## How to complete this task
Please print nothing but the lines from the one containing "This Tanto by" to the final line below, exactly, and no pictures.

## Recorded data
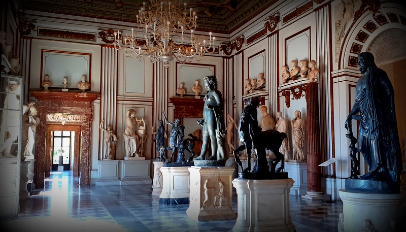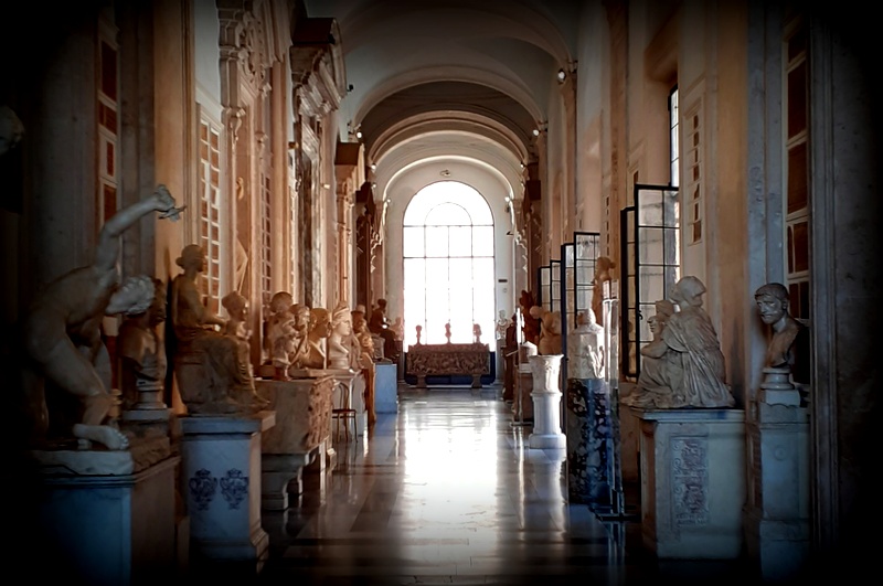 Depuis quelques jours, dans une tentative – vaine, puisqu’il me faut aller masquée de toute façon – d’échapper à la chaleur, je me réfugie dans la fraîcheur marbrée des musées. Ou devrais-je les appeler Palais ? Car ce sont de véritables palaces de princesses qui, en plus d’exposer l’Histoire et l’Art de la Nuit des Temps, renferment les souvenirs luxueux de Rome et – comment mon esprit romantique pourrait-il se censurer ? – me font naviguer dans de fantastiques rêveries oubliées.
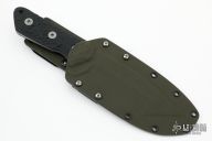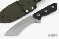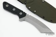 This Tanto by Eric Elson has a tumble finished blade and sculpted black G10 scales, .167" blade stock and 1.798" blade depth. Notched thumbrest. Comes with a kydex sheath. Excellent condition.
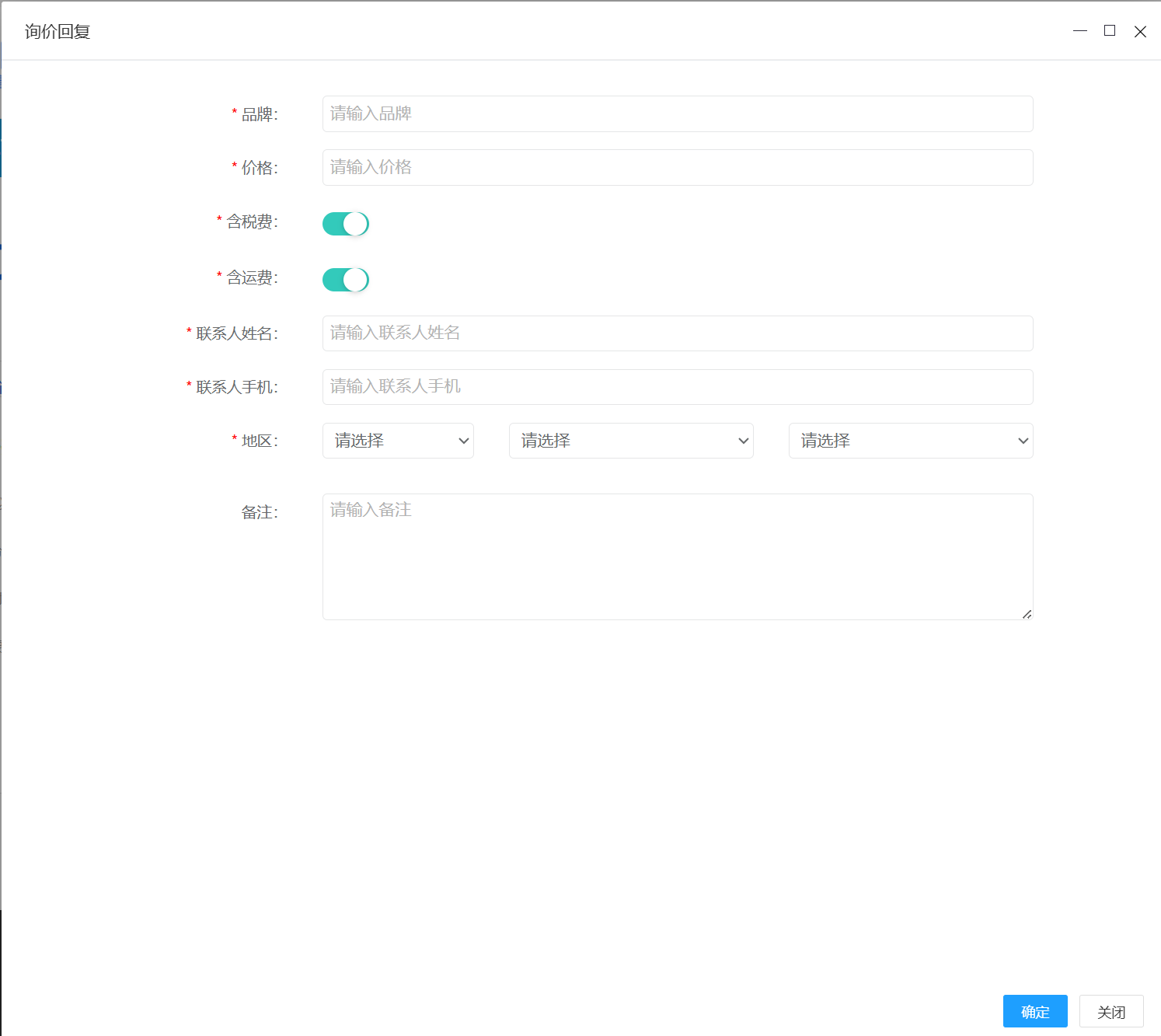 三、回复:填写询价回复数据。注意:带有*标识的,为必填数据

## Result of this task
 This Tanto by Eric Elson has a tumble finished blade and sculpted black G10 scales, .167" blade stock and 1.798" blade depth. Notched thumbrest. Comes with a kydex sheath. Excellent condition.
 三、回复:填写询价回复数据。注意:带有*标识的,为必填数据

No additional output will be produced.